Antithesis: opposition, or contrast of ideas or words in a balanced or parallel construction.
Example: "I was not there, yet I was there. No, I did not go to the trial, I did not hear the verdict, because I knew all the time what it would be. Still, I was there. I was there as much as anyone else was there."
Function: In Ernest Gaines', A Lesson Before Dying, Grant Wiggins, the novel's protagonist and narrator, is stuck with the difficult task of transforming a thoroughly dehumanized black named Jefferson back into a human being. Grant's opening lines - "I was not there, yet I was there" illustrates the concept of opposites and contradictions. This deceptively simple statement introduces the ironies and contrapositions that pervade the novel, where things are not always what they seem, and what is defined as "truth" is actually "myth." Already, we get a taste of the narrator's (which we eventually learn that it is Grant) cynicism, sarcasm, and innermost self. Gaines opens the novel with antitheses to illustrate the confining situation Grant and the other blacks are put in and the oppressive reign of the whites over the black community. They also portray how the whites during that time period would purposely distort and manipulate their laws and system of government to elevate the whites and suppress the blacks. The opening lines, like the typical laws back in that time period, are ambiguous, contradictory, confusing, and illogical. A good example would be the literacy tests administered to potential black voters back in the 1890s up until the 1960s. The infamous Louisiana literacy test of the 1960s effectively barred blacks from voting because of its ridiculously difficult and absurd questions that often defied logic and coherence.
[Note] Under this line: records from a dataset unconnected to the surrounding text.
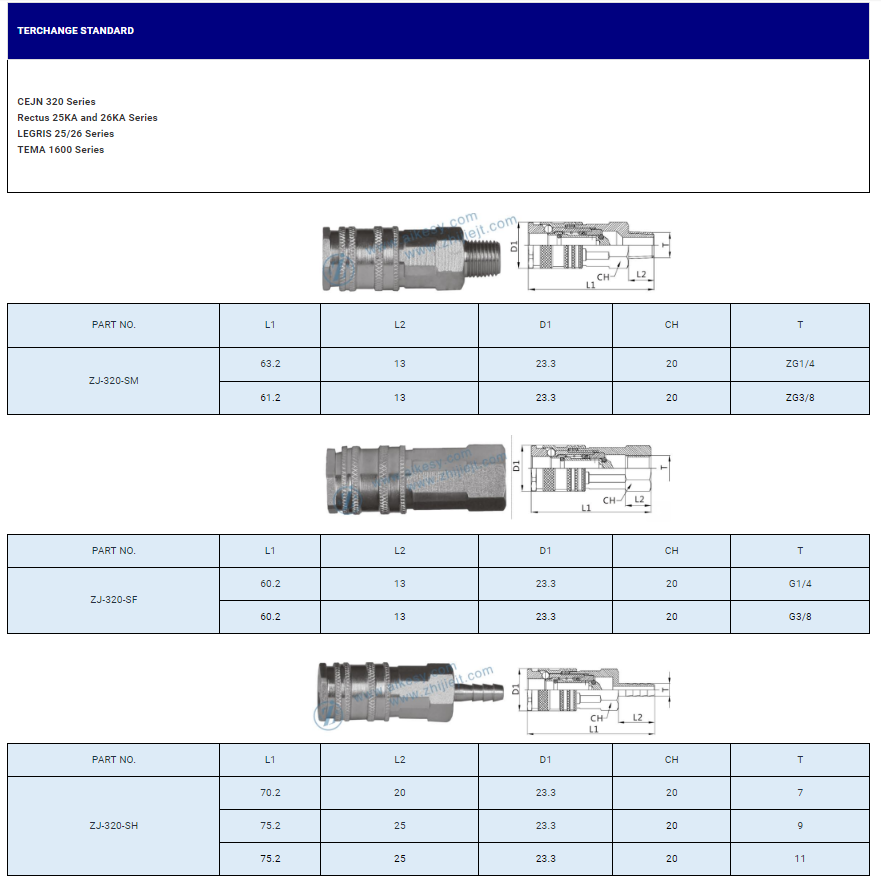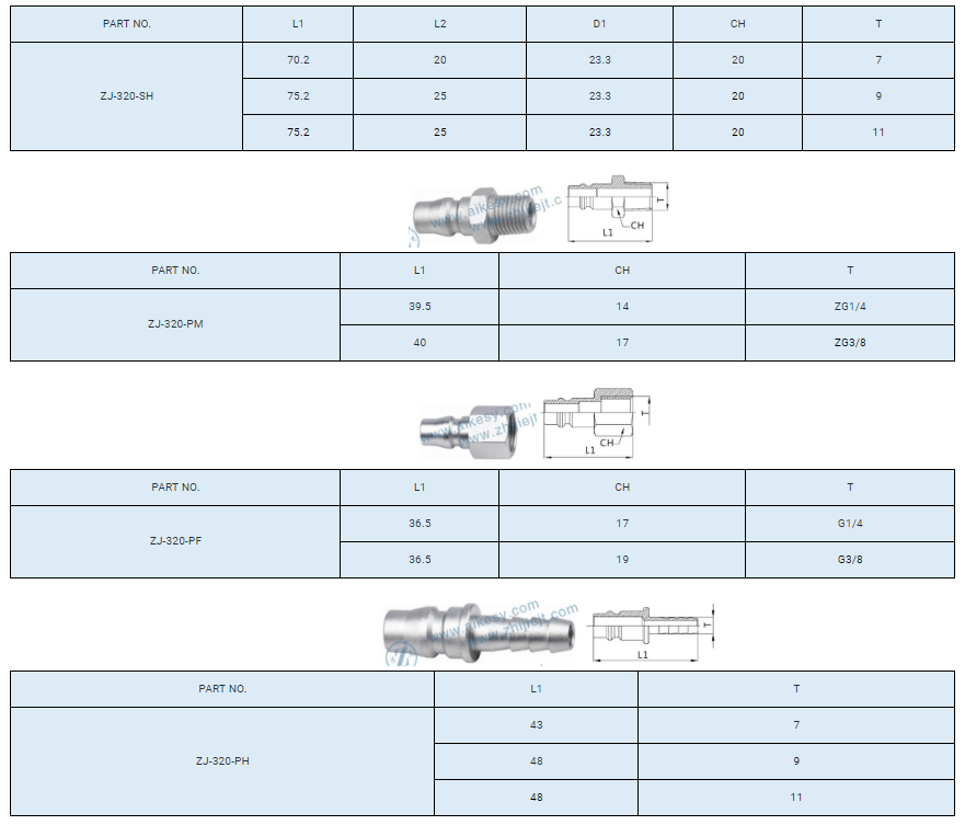 Khớp nối nhanh khí nén: ZJ320 - SM, SF, SH, PM, PH, PF
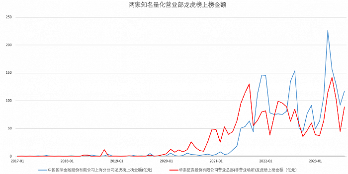 界面新闻统计了国内两个知名的量化席位龙虎榜上榜情况,分别是中国国际金融股份有限公司上海分公司和华泰证券股份有限公司营业总部(非营业场所)。
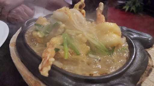 The hot plate shrimp with ginger and onion was good as well. Not too salty. BBQ roast pork or chat siu was a bit different, but all good with savory sauce and...
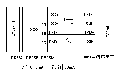 SC-20通訊轉換器用以實現RS232到TTY(20mA電流環)通訊規程之間的轉換.本產品體積小巧,不需外接電源,靠RS232可得到約20mA的輸出電流,并且不需初始化串口.外形采用DB25轉換盒.其中DB25F(孔座)一端為RS232口,直接插在25芯RS232插座上,如您的RS232插座為9芯,則在RS232插座與DB25F之間應配9-25轉換器,其對應連線如下:
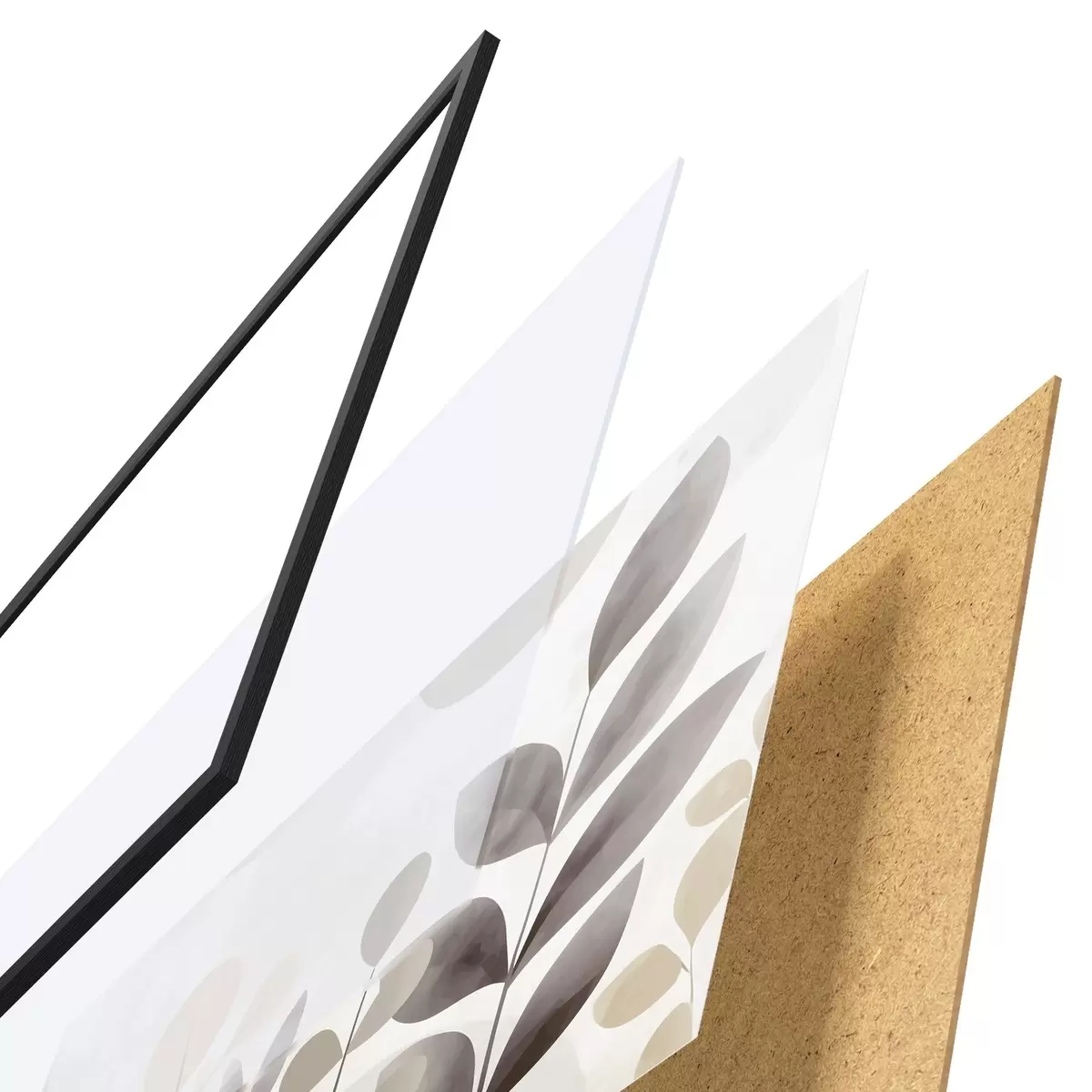 Plakāts sastāv no rāmja, pleksstikla, iespiestā attēla un skaidu plātnes pamatnes. Plakātu var uzreiz piekarināt pie sienas, pateicoties aizmugurē esošajiem stiprinājumiem.

Gaines' use of antithesis from the very outset of the novel immediately presents the reader with some of the novel's most important themes, the cynical character of the narrator, and the overall injustice and burden the characters face in the novel - though the readers do not realize that until they are well into the story. Gaines also effectively draws attention from the reader by beginning the novel with an oddly powerful yet contradictory statement. Gaines cleverly plays around with antitheses in the beginning of the novel to hook the reader in, to present the reader with the grave issue at hand, and to give insight on the narrator's inner psyche.